▶ [Information supplied]:
BEGIN
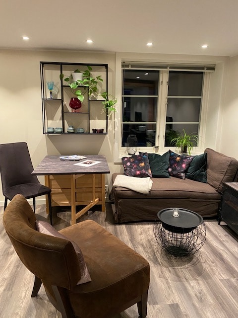 Hybelleilighet på totalt 27 kvm i sokkeletasje av enebolig i Drøbak sentrum. Fullt kjøkken med alle fasiliteter: induksjonstopp, stekeovn, mikroovn, oppvaskmaskin, kjøleskap og fryser. Bad med dusj og vaskemaskin. Skulle du føle at noe mangler, gi oss beskjed, så ordner det seg sikkert. Alle gulv har gulvvarme. Huset ligger innerst i en blindvei, midt i Drøbak sentrum. Rolig og tilbaketrukket, samtidig som det kun er to minutter å gå til "liv og røre". Ingen gjenboere. Seng er 120 cm bred.
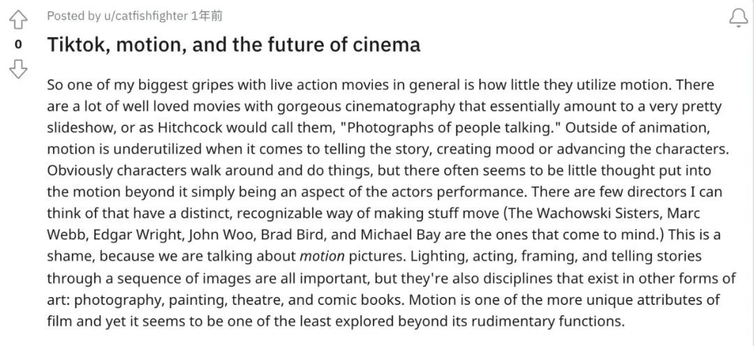 不過,這位用户卻不認為短視頻會為電影帶來新的可能性,頂多能啓發一些拍MV的靈感,畢竟“抽象”的運動本身並沒有什麼意義。
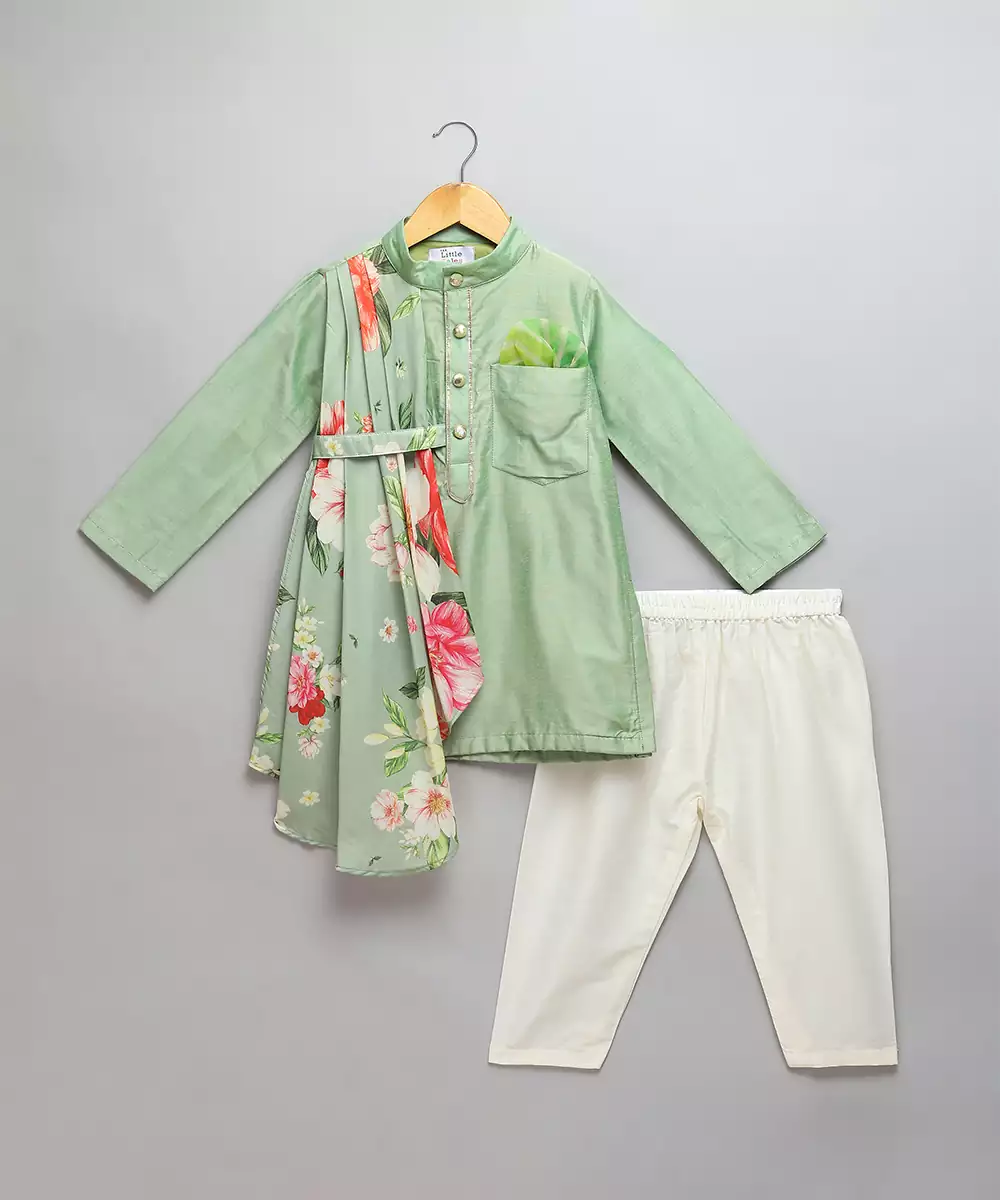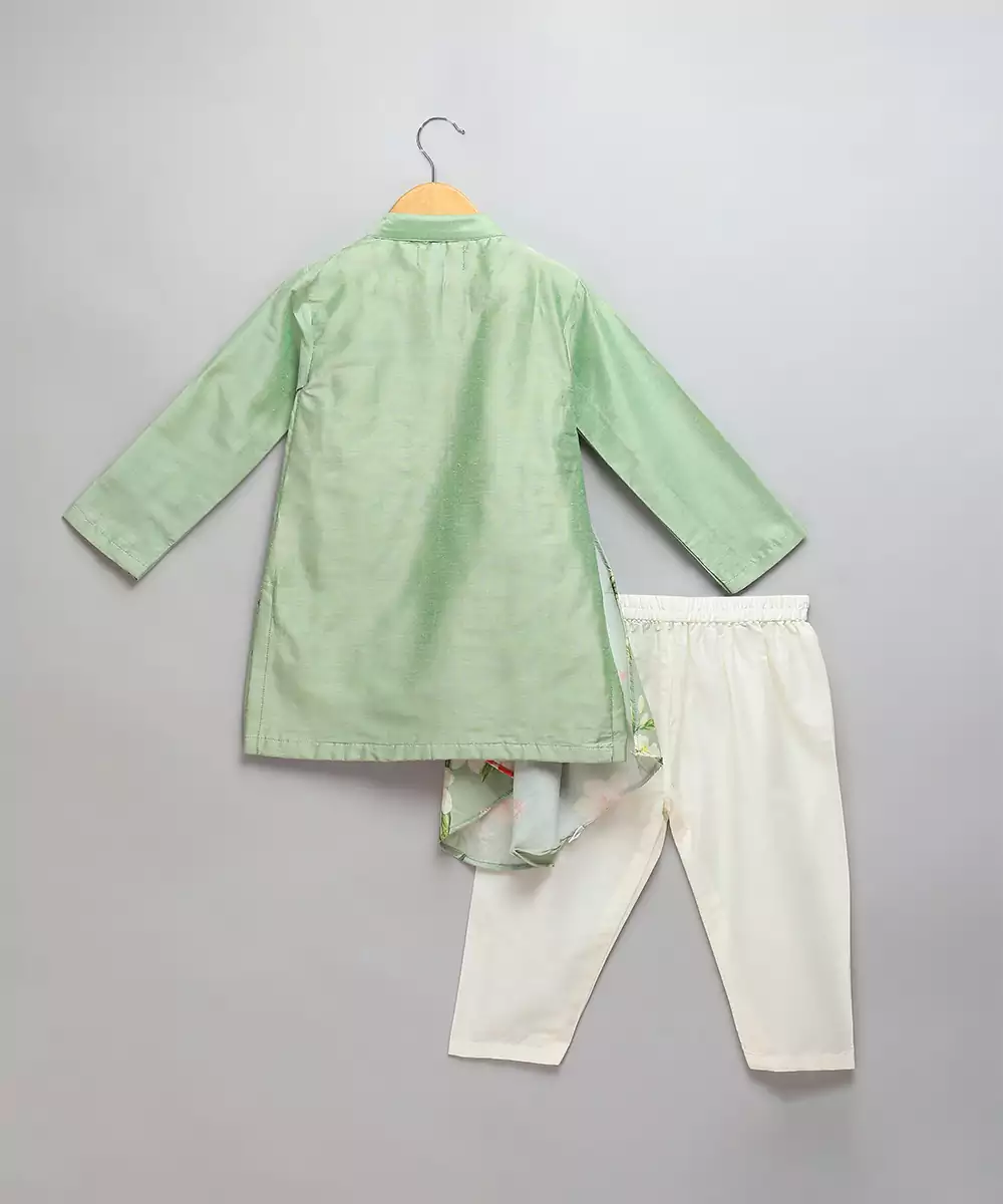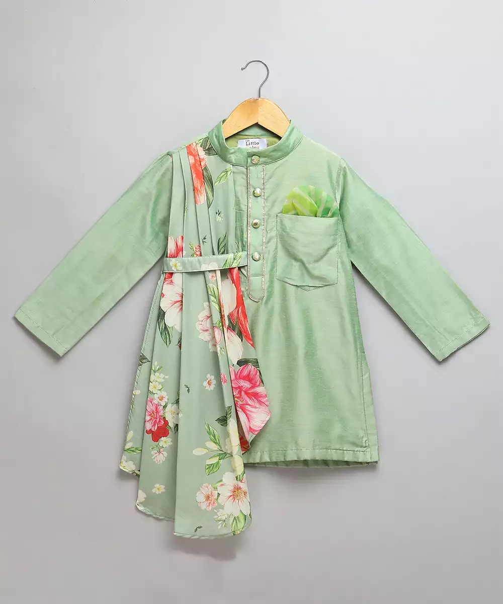 Green Cotton Silk Kurta With Front Opening. Attached Printed Pleat Panel Stitched Assymetrically. Pajama With Elastic Colour: Green Fabric:Cotton Silk Components: 1 Kurta / 1 Pyjama
END
▶ [What you need to do]:
The full listing, reproduced exactly and without pictures, is the expected output.

▶ [Exercise answer]:
 Hybelleilighet på totalt 27 kvm i sokkeletasje av enebolig i Drøbak sentrum. Fullt kjøkken med alle fasiliteter: induksjonstopp, stekeovn, mikroovn, oppvaskmaskin, kjøleskap og fryser. Bad med dusj og vaskemaskin. Skulle du føle at noe mangler, gi oss beskjed, så ordner det seg sikkert. Alle gulv har gulvvarme. Huset ligger innerst i en blindvei, midt i Drøbak sentrum. Rolig og tilbaketrukket, samtidig som det kun er to minutter å gå til "liv og røre". Ingen gjenboere. Seng er 120 cm bred.
 不過,這位用户卻不認為短視頻會為電影帶來新的可能性,頂多能啓發一些拍MV的靈感,畢竟“抽象”的運動本身並沒有什麼意義。
 Green Cotton Silk Kurta With Front Opening. Attached Printed Pleat Panel Stitched Assymetrically. Pajama With Elastic Colour: Green Fabric:Cotton Silk Components: 1 Kurta / 1 Pyjama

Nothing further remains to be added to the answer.